Die Szene dauert eine Minute und 18 Sekunden: Colonel Felix Sparks schreitet über einen großen menschenleeren Platz. Es ist der 29. April 1945. Sparks und seine Männer des 157. Infanterieregiment der US-Army, die "Thunderbirds", befreien das Konzentrationslager Dachau. In seiner rechten Hand hält Sparks eine Pistole, mit der linken deutet er auf ein Gebäude, auf dessen Dach weiße Ziegel einen Sinnspruch bilden. "Was steht da?", fragt der Colonel einen seiner Soldaten, der Deutsch versteht.
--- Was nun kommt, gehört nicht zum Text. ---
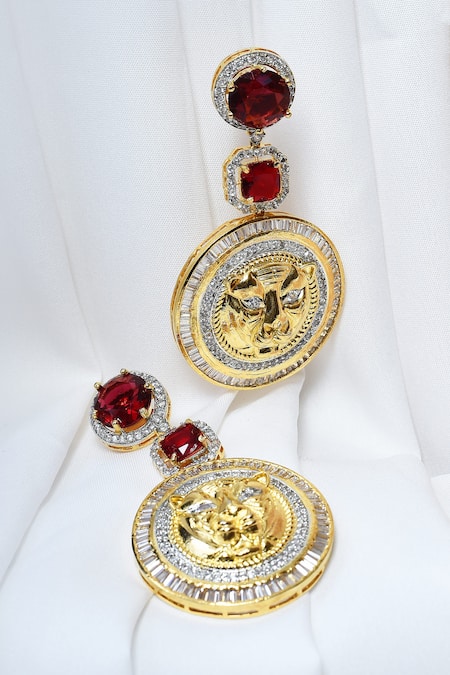 Buy_Our Purple Studio_Gold Plated Diamonds, Stones Carved Lion Pattern Earrings _Online_at_Aza_Fashions
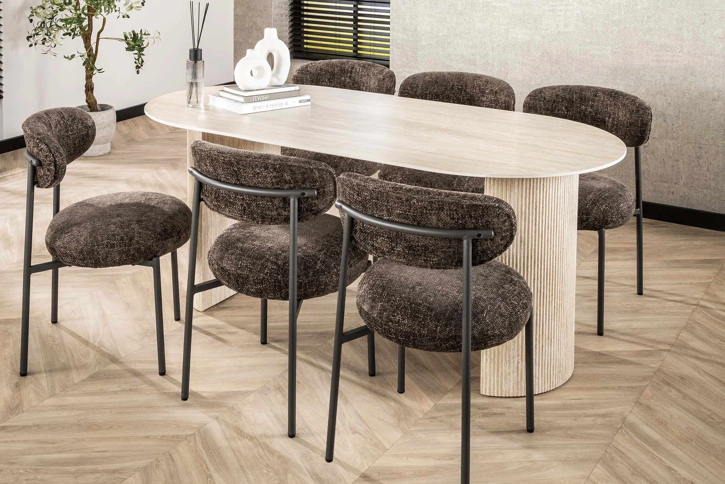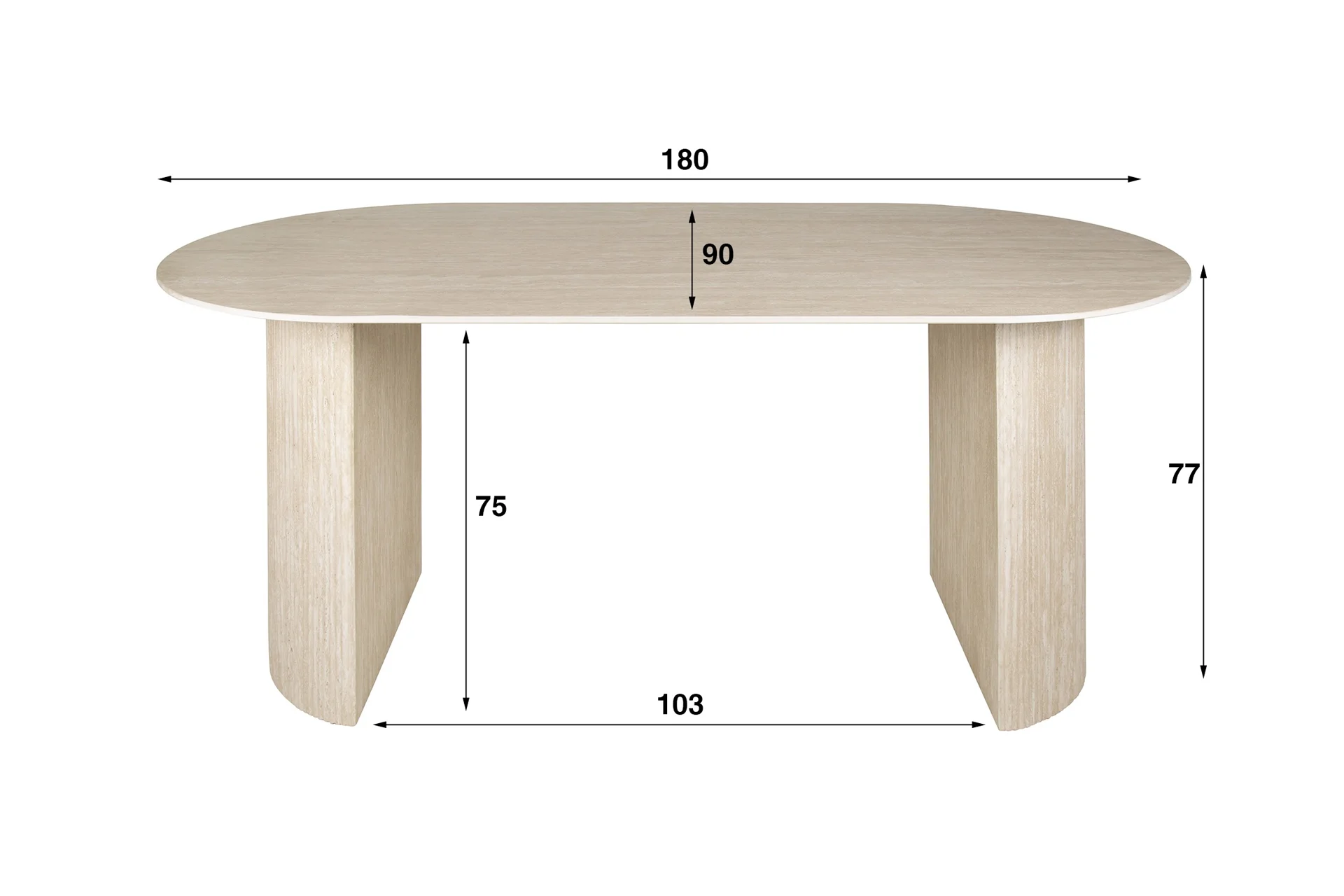 Son plateau ovale de 180 cm aux contours épurés repose sur deux pieds en demi-lune au galbe contemporain, signature architecturale de la série Joy. Cette silhouette aérienne et organique apporte autant de caractère qu’une œuvre d’art dans votre salle à manger.
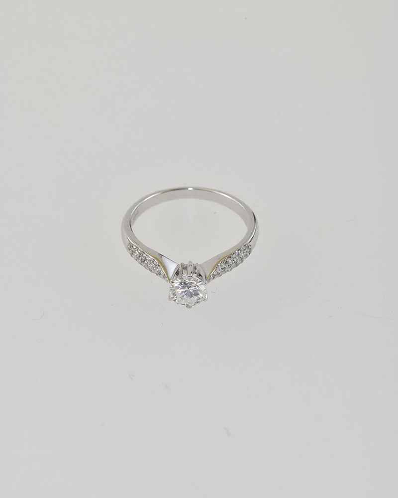 Technika: 18 k biele zlato, diamant centrálny solitér, 0,55 ct, farba F, čistota VVS1, bočné diamanty spolu cca 0,20 ct, farba F-G, čistota VS
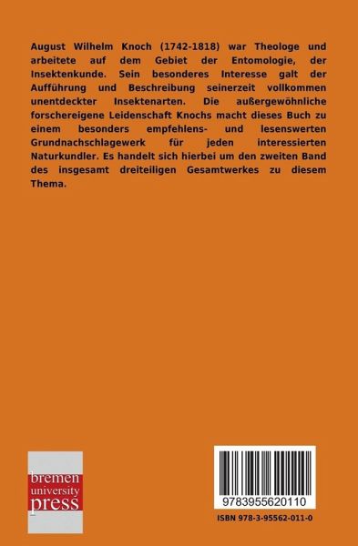 August Wilhelm Knoch (1742-1818) war Theologe und arbeitete auf dem Gebiet der Entomologie, der Insektenkunde. Sein besonderes Interesse galt der Aufführung und Beschreibung seinerzeit vollkommen unentdeckter Insektenarten. Die außergewöhnliche forschereigene Leidenschaft Knochs macht dieses Buch zu einem besonders empfehlens- und lesenswerten Grundnachschlagewerk für jeden interessierten Naturkundler. Es handelt sich hierbei um den zweiten Band des insgesamt dreiteiligen Gesamtwerkes zu diesem Thema.
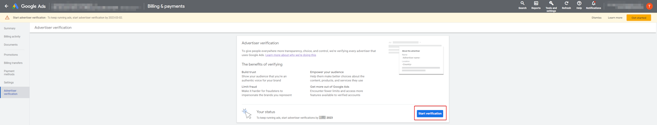 Advertisers will be notified via an email and an in-account notification when they have been selected for the Advertiser verification program.
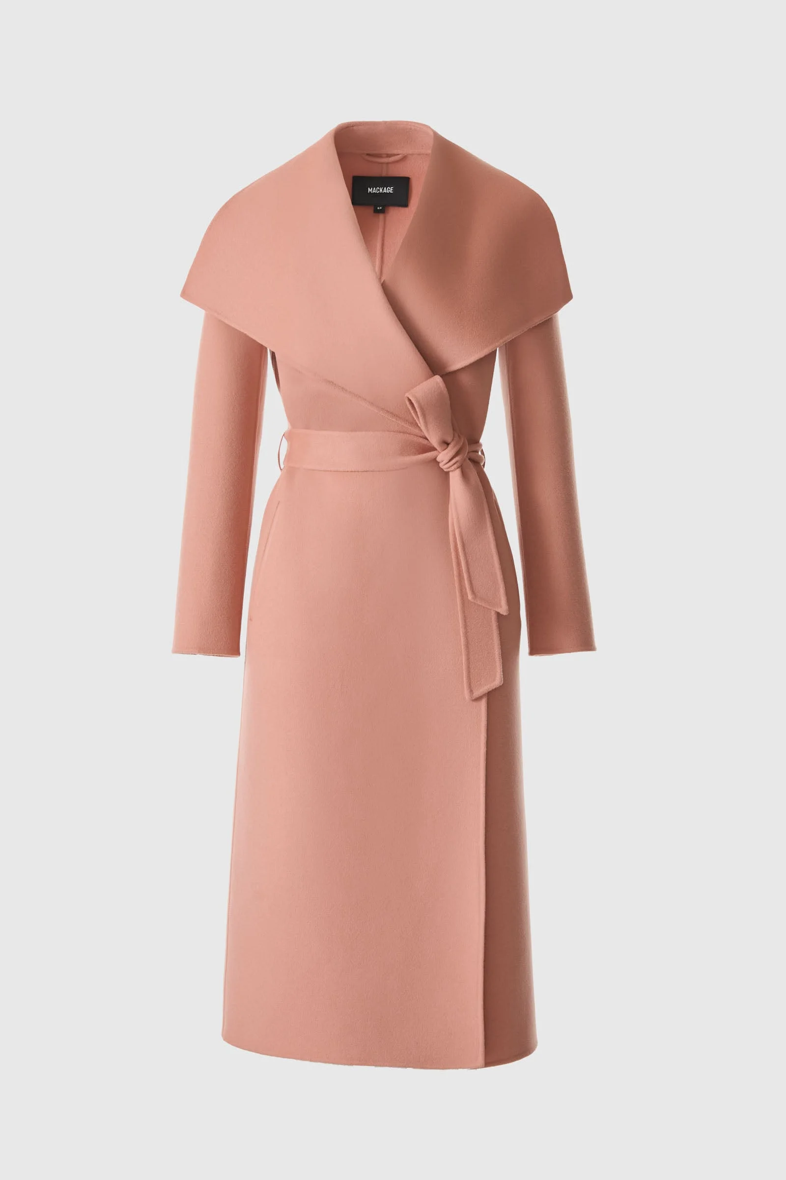 MAI-CN is a long wrap coat for women handmade from luxurious soft double-face wool. The fluid drape provides a relaxed-fit and unlined layer for maximum comfort in mild climates. The waterfall collar adds a sophisticated appeal while leather welting highlights the waist pockets and belt loops. DETAILS - Long wrap coat - Soft double-face wool - Handmade - Waterfall collar - Wool sash belt - (R) Leather and wool belt loops - Waist pockets with leather trim - Unlined - Relaxed fit SIZE & FIT - RELAXED – Loose fit for on the go comfort. - Designed to be worn with heavier layers. - The model is 5'11" (180 cm) and wears a size XS. - Length from shoulder to hem: 47 ½'' / 120 cm. COMPOSITION & CARE - Shell: 100% wool. Combo: 100% lamb leather. - Dry clean by leather specialist using oil-based solvent only. Do not use perchloroethylene.

Dieser liest vor: "Es gibt einen Weg zur Freiheit. Seine Meilensteine sind Ehrlichkeit, Sauberkeit, Nüchternheit, harte Arbeit und Liebe zum Vaterland." Sparks fragt: "Für wen ist das gedacht?" "Für sie, Sir", sagt ein anderer Thunderbird und zeigt auf die Häftlinge, die sich in Sparks Rücken still hinter einem Stacheldrahtzaun versammeln. Zu sehen sind geschätzt zwei Dutzend abgemagerte Menschen. Einige husten. Sparks geht auf die Häftlinge zu. "Das sind nur Strichmännchen", sagt er und ringt darum, die Fassung zu behalten. Ein Häftling greift mit der Hand durch den Zaun und berührt den Colonel an seiner Uniform. "Ist das ein Traum?", fragt er. Sparks dreht sich um. Er befiehlt seinen Männer, Essen, Kleidung, Medikamente und Ärzte zu holen. "Sofort", sagt er. Dann ein Cut.